AGI - Circa un milione di posti di lavoro potrebbero essere persi dalle pmi tra l'inizio e la fine del 2020, per l'effetto della crisi Covid unitamente al prossimo sblocco dei licenziamenti, "destinato a presentare un conto pesante per l'occupazione italiana, che potrebbe ulteriormente aggravarsi se nuovi lockdown anche circoscritti o parziali dovessero verificarsi nelle prossime settimane". A lanciare l'allarme è la Fondazione studi dei consulenti del lavoro nell'indagine 'Crisi, emergenza sanitaria e lavoro nelle Pmi', che sarà presentata al Festival del Lavoro in programma oggi e domani. Spiega l'analisi: si tratta di "un bilancio pesante per 1,5 mln di aziende con meno di 250 addetti i cui organici potrebbero contrarsi di circa il 10%".
L'adeguamento alle norme di sicurezza per fronteggiare l'emergenza Covid-19 - è la riflessione - ha rappresentato uno sforzo importante per tante piccole e medie realtà che hanno dovuto riorganizzare spazi, logistica, procedure e lavoro. Alla luce del riesplodere della pandemia, sono diverse le criticità che le aziende si troveranno ad affrontare. Stando ai dati, sebbene il 59% dei consulenti reputi che le aziende siano ad oggi attrezzate in materia di prevenzione (dispositivi di protezione, sanificazione ambienti, etc), queste non sarebbero comunque pronte a dover gestire nuove situazioni emergenziali.
Il rischio che l'escalation dei contagi da Covid-19, pur in assenza di un lockdown nazionale, possa essere devastante per imprese e lavoro è molto elevato, potendo portare alla chiusura 2 imprese su 10 di quelle ad oggi aperte, sottolinea ancora la Fondazione. Secondo l'analisi - svolta presso un campione di 5.000 consulenti del lavoro tra il 22 settembre e il 19 ottobre, in due diverse tranche - di fronte al crescere della curva dei contagi, le pmi italiane dovranno ritornare ad una gestione straordinaria, soprattutto per quanto riguarda il management delle risorse umane.

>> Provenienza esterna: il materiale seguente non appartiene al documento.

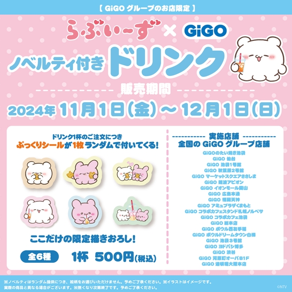 株式会社GENDA GiGO Entertainment(本社:東京都港区 代表取締役社長:二宮 一浩 以下、当社)は、2024年9月14日(土)よりGiGOグループのお店におきまして、人気キャラクター『らぶいーず 』とタイアップした「らぶいーず×GiGO キャンペーン」を開催いたします。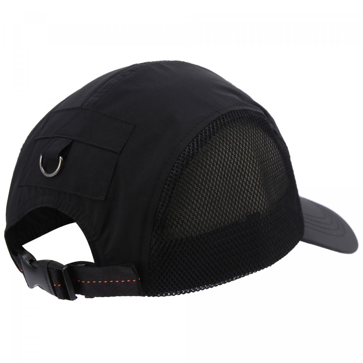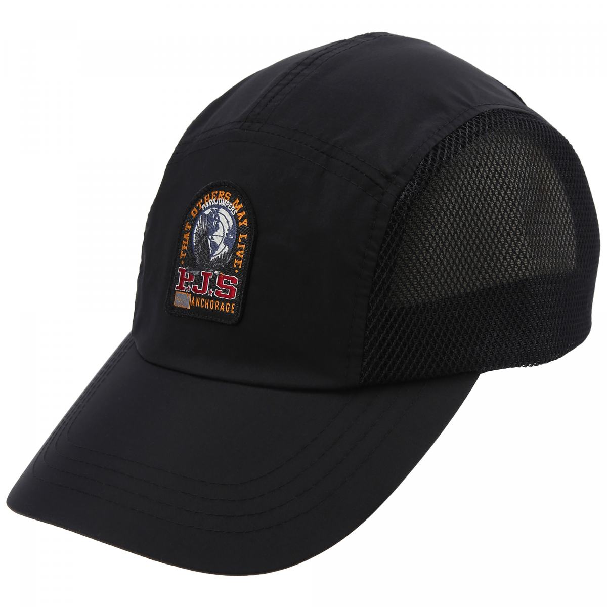 Чёрная кепка от Parajumpers. Панама выполнена из плотной ткани без подкладки. Боковые стороны выполнены из ткани-сетки. Спереди фирменная нашивка Parajumpers. Регулировать размер можно с помощью ремешка с автоматической застёжкой сзади.

Nel dettaglio, il 31,8% dei consulenti del lavoro individua tra il 10 e 20% la quota di imprese che potrebbero interrompere la propria attività a seguito di nuovo picco pandemico e inasprimento delle misure restrittive; il 48,4% formula previsioni ancora peggiori, individuando tra il 20 e 30% (il 26,9%) e superiore al 30% (21,5%). Solo il 19,8% si colloca sotto la soglia del 10%.
La situazione appare molto differenziata a livello geografico, pur nell'ambito di previsioni molto negative. Se al Nord, e in particolare al Nord Est, la netta maggioranza degli intervistati reputa che anche nel peggiore dei casi, la quota di aziende che si troverebbe costretta ad interrompere le proprie attività non supererebbe il 20%, al Centro e soprattutto al Sud, la situazione si presenta più critica: la maggioranza degli intervistati prevede il rischio di chiusura per più del 20% delle aziende La situazione di difficoltà in cui versano già moltissime piccole e medie imprese, richiede, per i Consulenti del Lavoro, misure straordinarie a loro sostegno, in grado di supportarle economicamente e salvaguardarne i livelli occupazionali.
Il 56,6% degli intervistati indica al primo posto l'urgenza di fornire contributi a fondo perduto per sostenere l'attività; a seguire, il 53,2% la proroga degli ammortizzatori sociali e il 51,9% la sospensione delle scadenze fiscali. Interventi importanti, a fronte dei quali altre possibili misure di incentivo e supporto, quali contributi per sostenere i costi della sicurezza o riorganizzare le aziende in modalità agile appaiono del tutto residuali.